▶ **Problem to work on**: Go through the lines below and repeat each one exactly, skipping pictures.

▶ **Data in this exercise**:
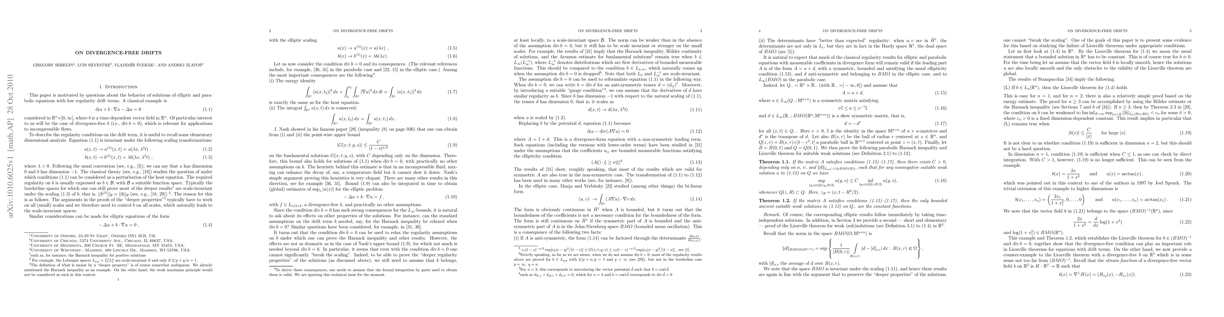 We investigate the validity and failure of Liouville theorems and Harnack inequalities for parabolic and elliptic operators with low regularity coefficients. We are particularly interested in operators of the form $\partial_t - \Delta +b\cdot\nabla$ and $-\Delta +b\cdot\nabla$ with a divergence-free drift $b$. We prove the Liouville theorem and Harnack inequality when $b\in L_\infty(BMO^{-1})$ resp. $b\in BMO^{-1}$ and provide a counterexample to such results demonstrating sharpness of our conditions on the drift. Our results generalize to divergence-form operators with an elliptic symmetric part and a BMO skew-symmetric part. We also prove the existence of a modulus of continuity for solutions to the elliptic problem in two dimensions, depending on the non-scale-invariant norm $\|b\|_{L_1}$. In three dimensions, on the other hand, bounded solutions with $L_1$ drifts may be discontinuous.
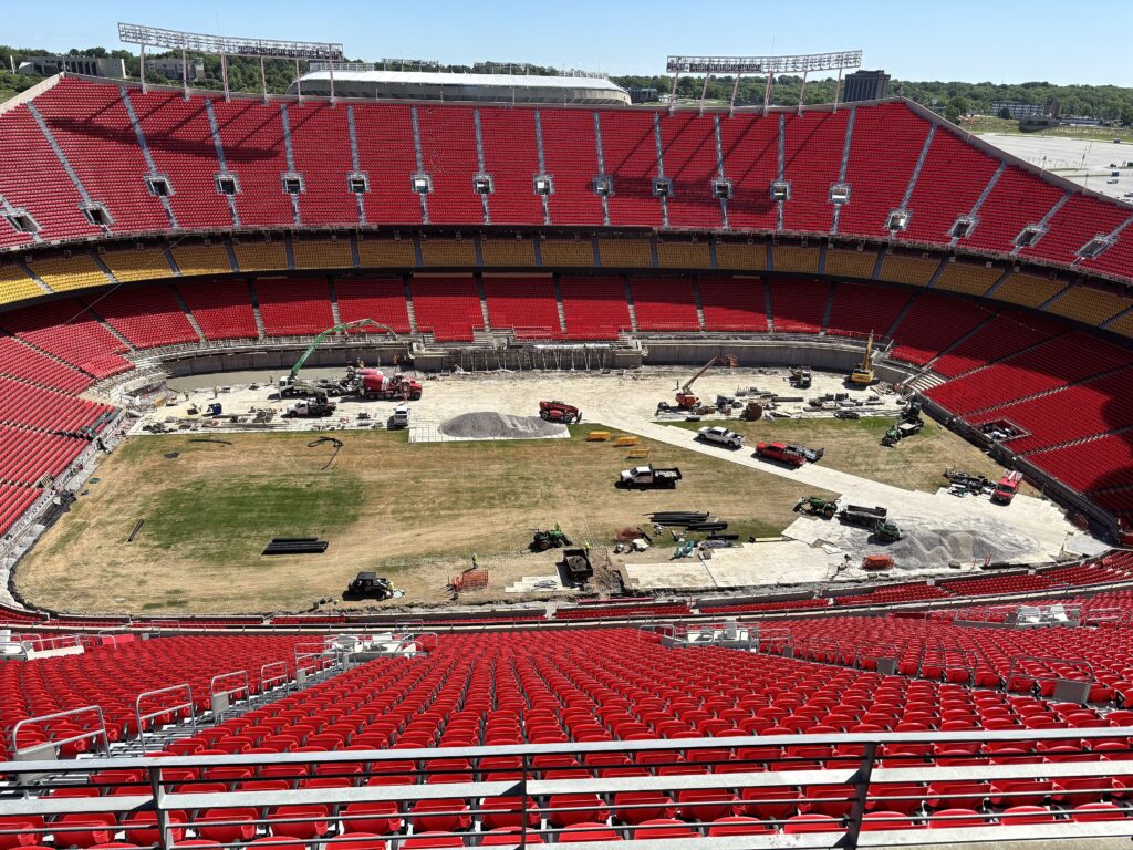 Preparations for the 2026 FIFA World Cup are underway at Arrowhead Stadium in Kansas City, Missouri. Photo dated May 2025. Wikimedia.
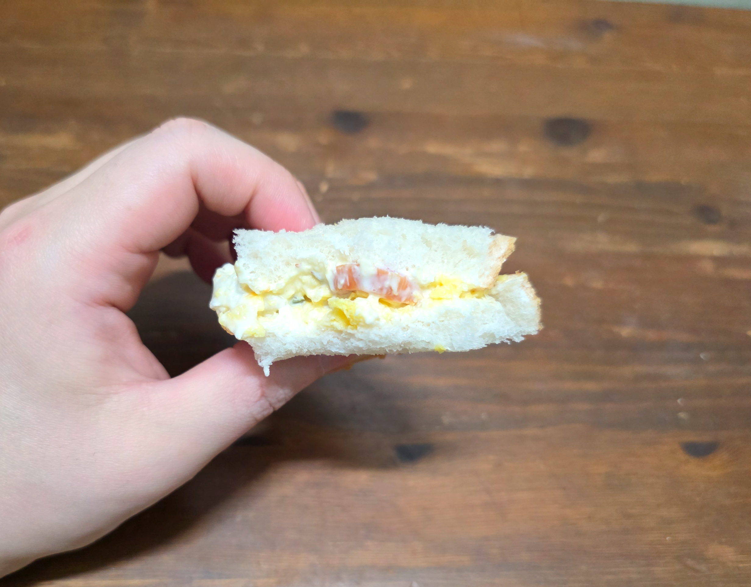 빵 사이에 스크램블 소시지가 들어있었습니다.
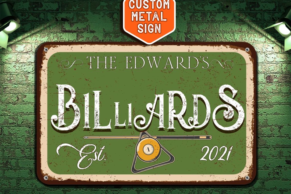 Be the first to review “Custom Billiards Metal Sign – Retro 8 Ball Sign, Man Cave Decor”
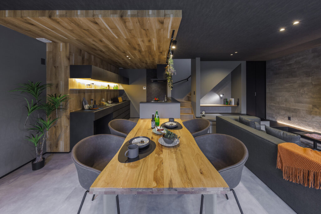 自然光との関係も計算された、照明計画によってリビングはより家族が集う空間に。 グレーのアクセントがより、雰囲気をまとめあげてくれます。 カフェテリアに居るかのような雰囲気を楽しみながら、日常を過ごすことが出来ます。
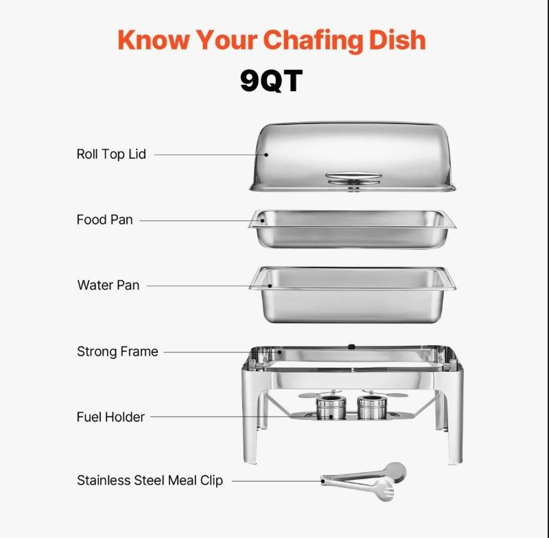 Ensemble de réchauds rectangulaires à couvercle roulant de qualité restaurant, 9 litres, en acier inoxydable, pour buffet, au meilleur prix
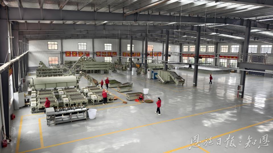 恩施御景生態(tài)農(nóng)業(yè)科技有限公司相關(guān)負(fù)責(zé)人潘斯軍站在廠房的智能加工線旁,看著鮮葉變成干茶,語氣里滿是自豪:“高峰期我們每天的干茶吞吐量達(dá)8000至1萬公斤。”
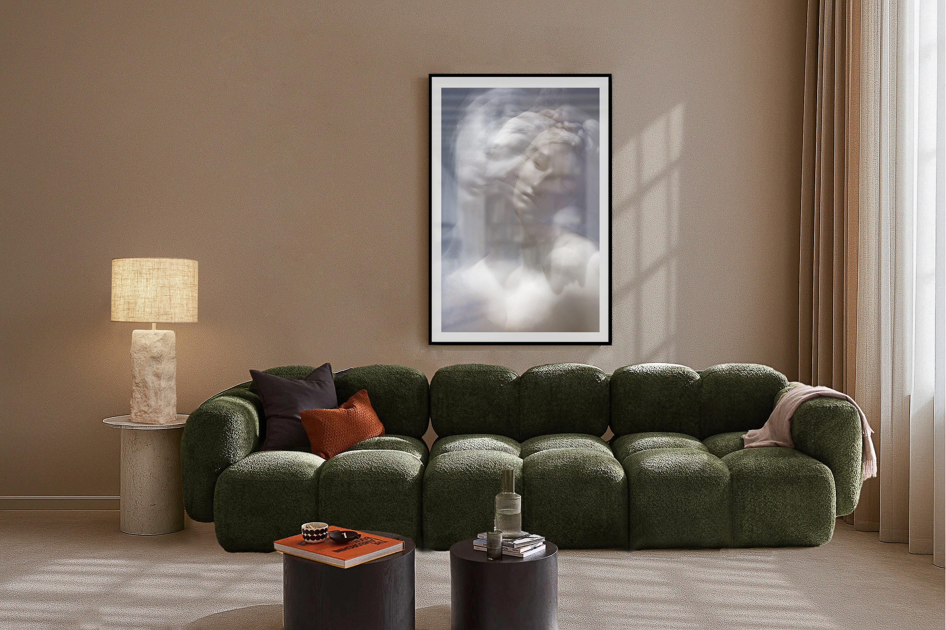 This ethereal image captures the blurred movement of a classical marble sculpture, transforming it into a dreamlike vision that transcends time and materiality. The soft, overlapping contours and ghostly motion evoke a powerful sense of emotion, memory, and introspection—suggesting a soul in transition or a moment suspended between life and stillness. The serene expression of the figure, despite the distortion, invites contemplation on themes of beauty, loss, and the fragility of existence. The photograph’s painterly quality and diffused light further enhance its surreal atmosphere, turning a static object into a living echo of feeling and form. It is both haunting and poetic, merging the permanence of stone with the impermanence of breath.
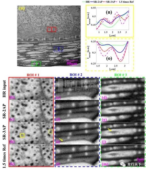 圖3.對玉米種子切片成像的對比結(jié)果。(a)3孔徑訓(xùn)練策略SR外推結(jié)果、(b)-(m)不同ROI(range of interest)的成像效果放大對比圖。(n)和(o)為兩個(gè)特征白點(diǎn)和黑點(diǎn)的橫截線對比圖。(i)和(j)中的黃色箭頭指向一些原本模糊的間隙和形狀,這些間隙和形狀通過訓(xùn)練好的dpcCARTs-NET變得更清晰
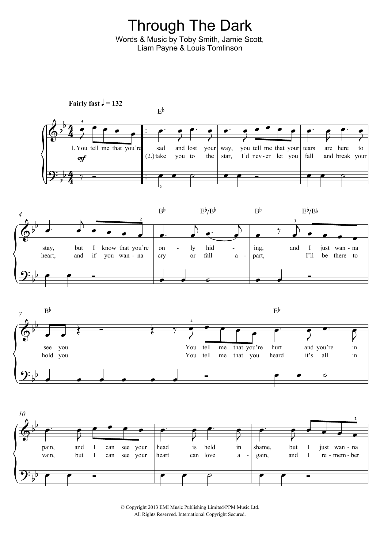 Download or print One Direction Through The Dark sheet music, chords and digital score arranged for Piano, Vocal & Guitar Chords (Right-Hand Melody). This Pop score includes 8 page(s).
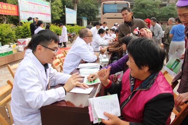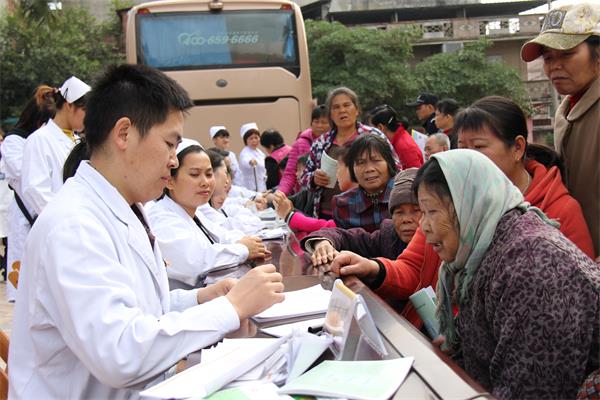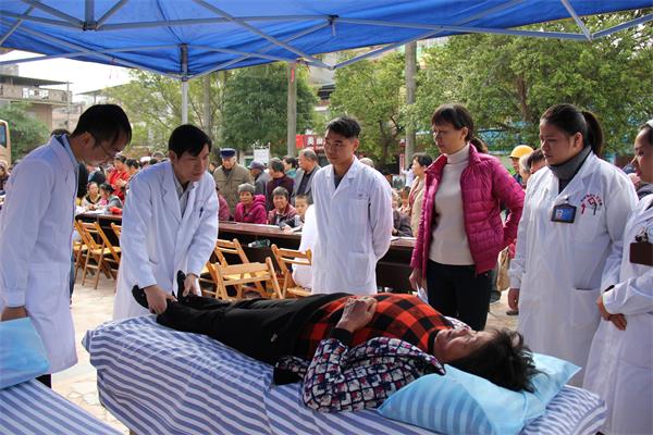 为贯彻落实党的十九大精神,深入开展扶贫帮困工作, 12月3日,YABO鸭脖赛恩斯新医药学院党委组织党员干部赴横县峦城镇开展“党旗领航助力脱贫——中医中药健康行”义诊活动。学院党委书记李成林,院长梁天坚,纪委书记叶绘晟,YABO鸭脖第一附属医院专家张以昆、刘永辉、陈广辉、周金花、李春锋、李志峰、宁余音及学院教师和学生代表45人参加此次义诊。
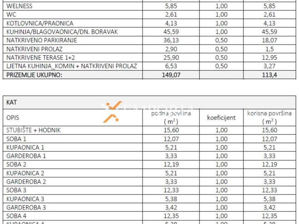 The total net usable area of this unit of a semi-detached house with the associated parts is 304,06 m2. It was built on a plot of land of 517 m2.
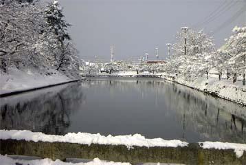 ▼冬の上杉神社の堀の様子
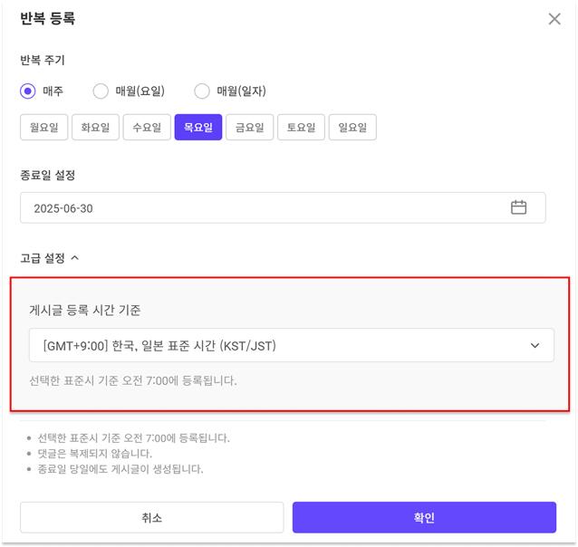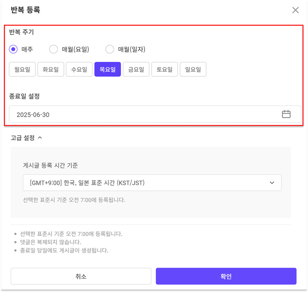 매주(요일) / 매월(요일) / 매월(일자) 중 원하는 반복 주기를 설정하고, 게시글 반복 등록이 유지될 최종 종료일을 설정할 수 있습니다.
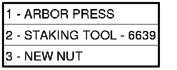 CAUTION: Failure to stake nut could allow the nut to back-off during use.
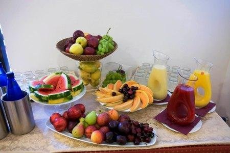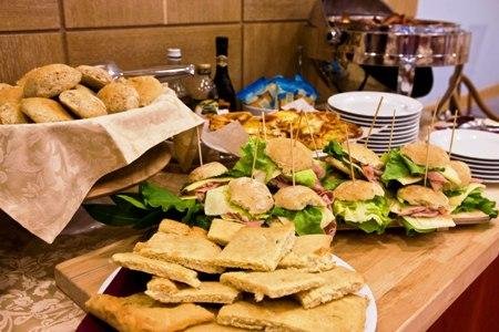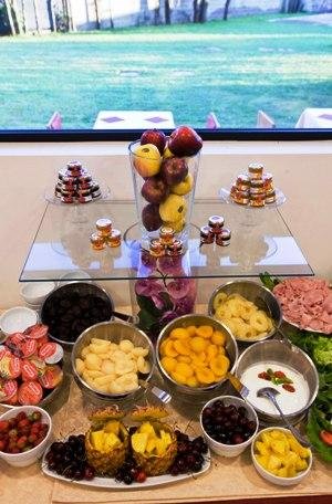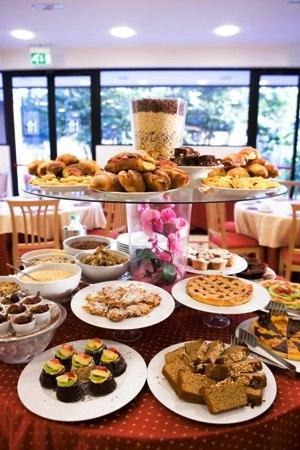 Nella moderna e luminosa Sala per le colazioni al mattino viene servito un gustoso buffet a base di prodotti genuini e di ottime produzioni pasticcere, con dolci fatti in casa, torte e biscotti di ogni varietà.

▶ **Output for this task**:
 We investigate the validity and failure of Liouville theorems and Harnack inequalities for parabolic and elliptic operators with low regularity coefficients. We are particularly interested in operators of the form $\partial_t - \Delta +b\cdot\nabla$ and $-\Delta +b\cdot\nabla$ with a divergence-free drift $b$. We prove the Liouville theorem and Harnack inequality when $b\in L_\infty(BMO^{-1})$ resp. $b\in BMO^{-1}$ and provide a counterexample to such results demonstrating sharpness of our conditions on the drift. Our results generalize to divergence-form operators with an elliptic symmetric part and a BMO skew-symmetric part. We also prove the existence of a modulus of continuity for solutions to the elliptic problem in two dimensions, depending on the non-scale-invariant norm $\|b\|_{L_1}$. In three dimensions, on the other hand, bounded solutions with $L_1$ drifts may be discontinuous.
 Preparations for the 2026 FIFA World Cup are underway at Arrowhead Stadium in Kansas City, Missouri. Photo dated May 2025. Wikimedia.
 빵 사이에 스크램블 소시지가 들어있었습니다.
 Be the first to review “Custom Billiards Metal Sign – Retro 8 Ball Sign, Man Cave Decor”
 自然光との関係も計算された、照明計画によってリビングはより家族が集う空間に。 グレーのアクセントがより、雰囲気をまとめあげてくれます。 カフェテリアに居るかのような雰囲気を楽しみながら、日常を過ごすことが出来ます。
 Ensemble de réchauds rectangulaires à couvercle roulant de qualité restaurant, 9 litres, en acier inoxydable, pour buffet, au meilleur prix
 恩施御景生態(tài)農(nóng)業(yè)科技有限公司相關(guān)負(fù)責(zé)人潘斯軍站在廠房的智能加工線旁,看著鮮葉變成干茶,語氣里滿是自豪:“高峰期我們每天的干茶吞吐量達(dá)8000至1萬公斤。”
 This ethereal image captures the blurred movement of a classical marble sculpture, transforming it into a dreamlike vision that transcends time and materiality. The soft, overlapping contours and ghostly motion evoke a powerful sense of emotion, memory, and introspection—suggesting a soul in transition or a moment suspended between life and stillness. The serene expression of the figure, despite the distortion, invites contemplation on themes of beauty, loss, and the fragility of existence. The photograph’s painterly quality and diffused light further enhance its surreal atmosphere, turning a static object into a living echo of feeling and form. It is both haunting and poetic, merging the permanence of stone with the impermanence of breath.
 圖3.對玉米種子切片成像的對比結(jié)果。(a)3孔徑訓(xùn)練策略SR外推結(jié)果、(b)-(m)不同ROI(range of interest)的成像效果放大對比圖。(n)和(o)為兩個(gè)特征白點(diǎn)和黑點(diǎn)的橫截線對比圖。(i)和(j)中的黃色箭頭指向一些原本模糊的間隙和形狀,這些間隙和形狀通過訓(xùn)練好的dpcCARTs-NET變得更清晰
 Download or print One Direction Through The Dark sheet music, chords and digital score arranged for Piano, Vocal & Guitar Chords (Right-Hand Melody). This Pop score includes 8 page(s).
 为贯彻落实党的十九大精神,深入开展扶贫帮困工作, 12月3日,YABO鸭脖赛恩斯新医药学院党委组织党员干部赴横县峦城镇开展“党旗领航助力脱贫——中医中药健康行”义诊活动。学院党委书记李成林,院长梁天坚,纪委书记叶绘晟,YABO鸭脖第一附属医院专家张以昆、刘永辉、陈广辉、周金花、李春锋、李志峰、宁余音及学院教师和学生代表45人参加此次义诊。
 The total net usable area of this unit of a semi-detached house with the associated parts is 304,06 m2. It was built on a plot of land of 517 m2.
 ▼冬の上杉神社の堀の様子
 매주(요일) / 매월(요일) / 매월(일자) 중 원하는 반복 주기를 설정하고, 게시글 반복 등록이 유지될 최종 종료일을 설정할 수 있습니다.
 CAUTION: Failure to stake nut could allow the nut to back-off during use.
 Nella moderna e luminosa Sala per le colazioni al mattino viene servito un gustoso buffet a base di prodotti genuini e di ottime produzioni pasticcere, con dolci fatti in casa, torte e biscotti di ogni varietà.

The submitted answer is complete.